Berühmte Künstlerinnen © Alexandr Ivanov / pixabay.comMedien & Kultur

In der Kunstgeschichte werden viele berühmte Künstlerinnen erwähnt. Dennoch sind erheblich mehr Männer durch ihr künstlerisches Schaffen bekannt geworden. Liegt es am jahrhundertealten Rollenbild, demzufolge die Aufgaben einer Frau am Herd, im Haus und bei der Erziehung der Kinder liegen? Sind Frauen weniger qualifiziert? Oder gar durch die „weiblichen Kunstgrenzen“ behindert, wie es im späten 19. Jahrhundert von männlichen Kunsttheoretikern proklamiert wurde?

Und sind Künstlerinnen, wie Kunstkritiker ehemals argwöhnten, vom Verlust der „zarten Empfindung“, des „weichen Gefühls“ und der „Herzensreinheit“ bedroht, ja mehr noch: einem Materialismus verfallen, der die Individualität der Frauen zerstört? Die Frauenrechtlerin, Medizinerin und Juristin Johanna Elberskirchen (1864–1943) hat bereits 1888 eine bissige Antwort auf diese verwegenen, aber seinerzeit weit verbreiteten Ansichten gegeben.

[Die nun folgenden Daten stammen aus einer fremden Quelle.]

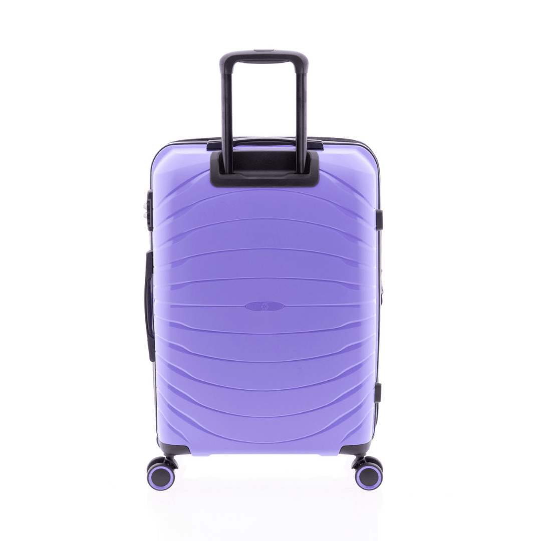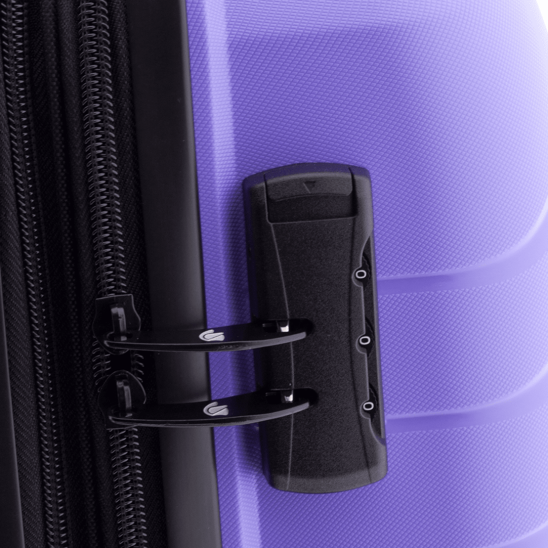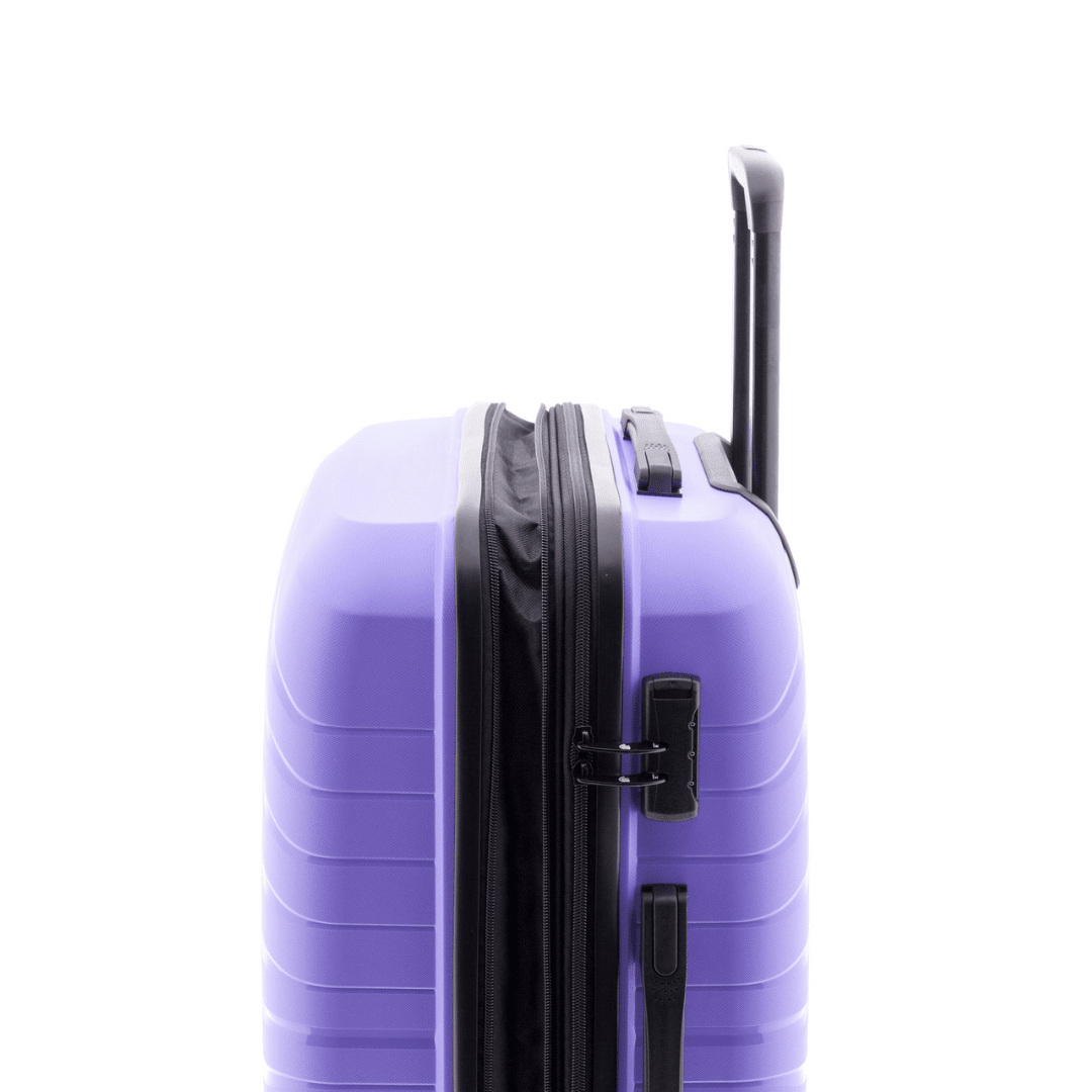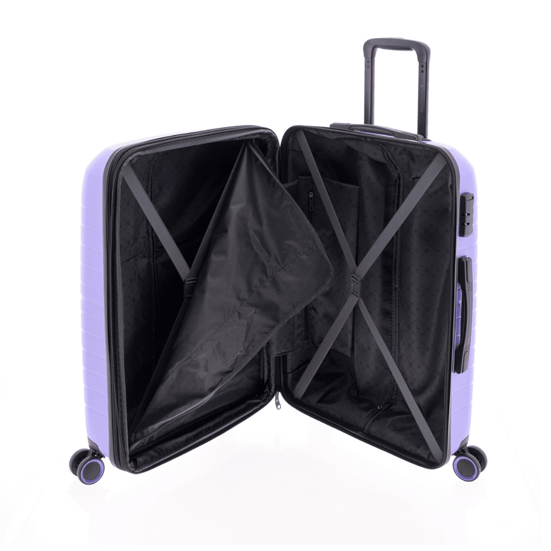 Mala de viagem média expansível Gladiator com fecho de combinação com três dígitos, pega superior e lateral, trolley extensível com botão para ajustar e quatro rodas duplas. O interior contém um compartimento com divisão forrada com fecho e um compartimento com cintas ajustáveis.

Stellvertretend für alle anderen kunstschaffenden Frauen seien hier nun 20 berühmte Künstlerinnen aus verschiedenen Kunstrichtungen vorgestellt, die mittels ihrer Werke ihre je eigenen Antworten auf männliche Vorurteile und Dominanzbestrebungen gaben und geben.

Berühmte Malerinnen

Ebenso wie ihre schreibenden Schwestern (informieren Sie sich bei Interesse gern in unserem Beitrag „Fünf berühmte Schriftstellerinnen, deren Werke Sie unbedingt lesen sollten“) hatten es auch Malerinnen in der Vergangenheit nicht leicht. Erst mit der modernen Malerei des 20. Jahrhunderts gab es zunehmend mehr berühmte Malerinnen, die von ihrer Arbeit leben konnten. Künstlerinnen sind in der Malerei zwar immer noch unterrepräsentiert, haben aber ihren festen Platz in der zeitgenössischen Kunstszene. Wir widmen uns ihren Wegbereiterinnen.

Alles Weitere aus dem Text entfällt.